The original question was the etymology of <moneo:>. You tried to argue
that -- contrary to communis opinio -- it comes from *menh2-, the
alleged by-form of *mneh2-. What you posit here _is_ schwebeablaut in a
verb root, and worse still, it's precisely the arbitrarily invoked,
sloppy kind of schwebeablaut that haunted IE studies but was put to rest
by Raimo Anttila in his book. If you have read him, you know what I
mean. It has nothing to do with the vocalism of accentually mobile nouns
(like *gWen-h2-/*gWn-ah2-), which is governed by different
morphophonological rules.

Let me repeat: the derivation of *mon-éje/o- from *men- 'think,
consider' as a handbook example of a PIE causative is impeccable
notwithstanding your noisy propaganda to the contrary. 'To make sb.

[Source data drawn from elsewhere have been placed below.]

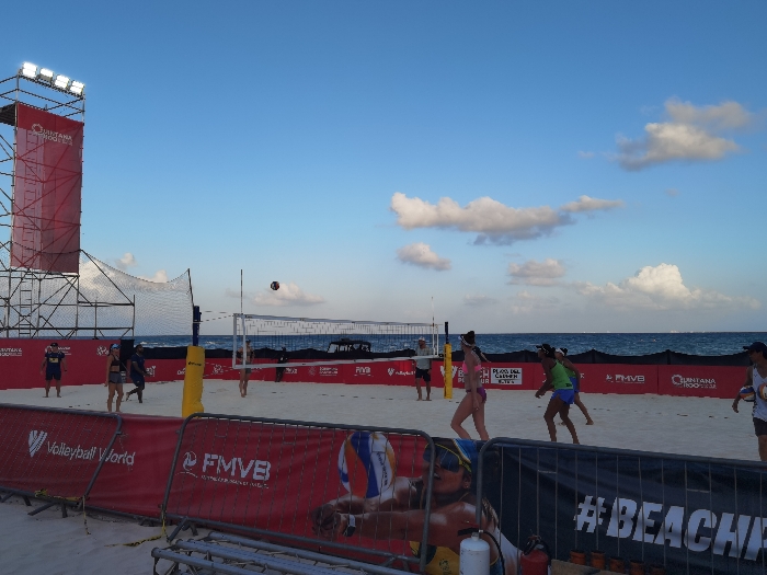 beach volleyball game in Playa del Carmen, Mexico, at the coordinates 20
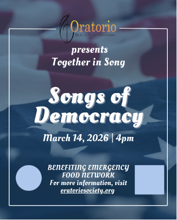 Join the Oratorio Society's 100-voice chorus, community singers from our morning workshop, and guest youth choir Voces Laetae for an unforgettable evening marking America's 250th anniversary. Presented in partnership with VA250, Virginia's commission for the nationwide America250 initiative, this program celebrates the bipartisan values at the heart of our democracy.
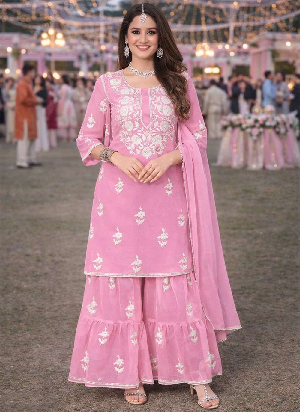 Attrective These Beautiful Looking Party Wear Free Size Plazzo Suits.These Top And Bottom Are Georgette And Georgette Dupatta Fabricated.Its Beautified With Disigner Heavy Embroidery Work.
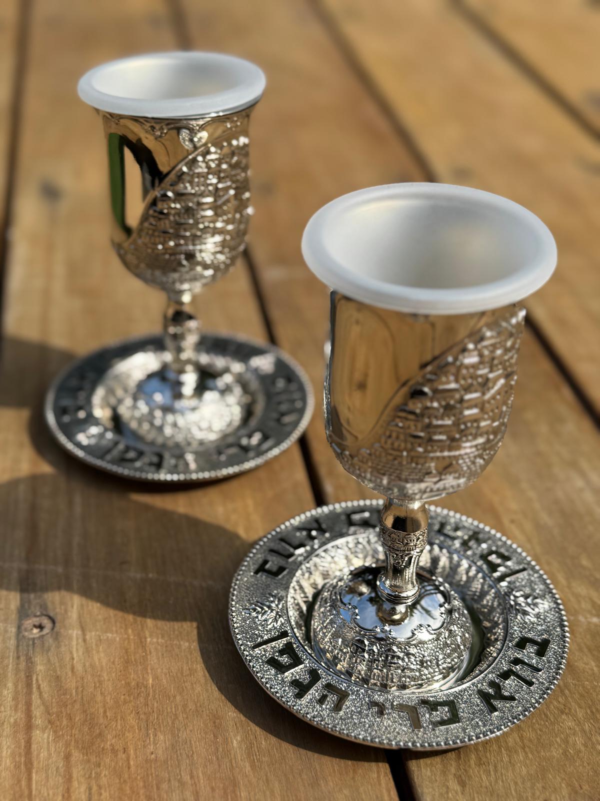 כוס קידוש עם חריטה על הצלחת מגיעה עם כוס כפולה להגנה מרבית את הגביע והצלחת אין להכניס למדיח
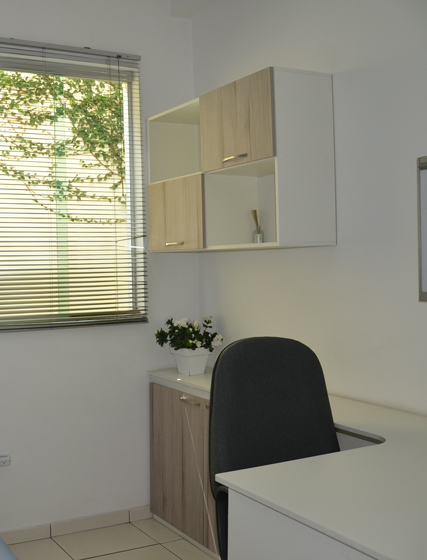 Consultório 1 primeiro piso – possui 9 m2, com 1 janela, persiana horizontal...

think about sth.' --> 'to warn sb. of sth.' is a straightforward and
requires no leap of faith. The objection that Schrijver's
delabialisation should apply in *mon-éje/o- would only be valid if
Schrijver's rule were well established, which it isn't; the evidence for
it is weaker than the evidence for <moneo:> being what everyone but you
thinks it is. Actually it's the proponents of the delabialising rule who
should rethink it in the light of <moneo:> (_and_ <mora>) rather than
the other way round. One could just as well insist that *moRH- > *maRH-
and reconstruct a laryngeal in <mare> and <manus>. There is no
independent evidence for such a thing either, but at least it wouldn't
contradict any generally accepted etymologies.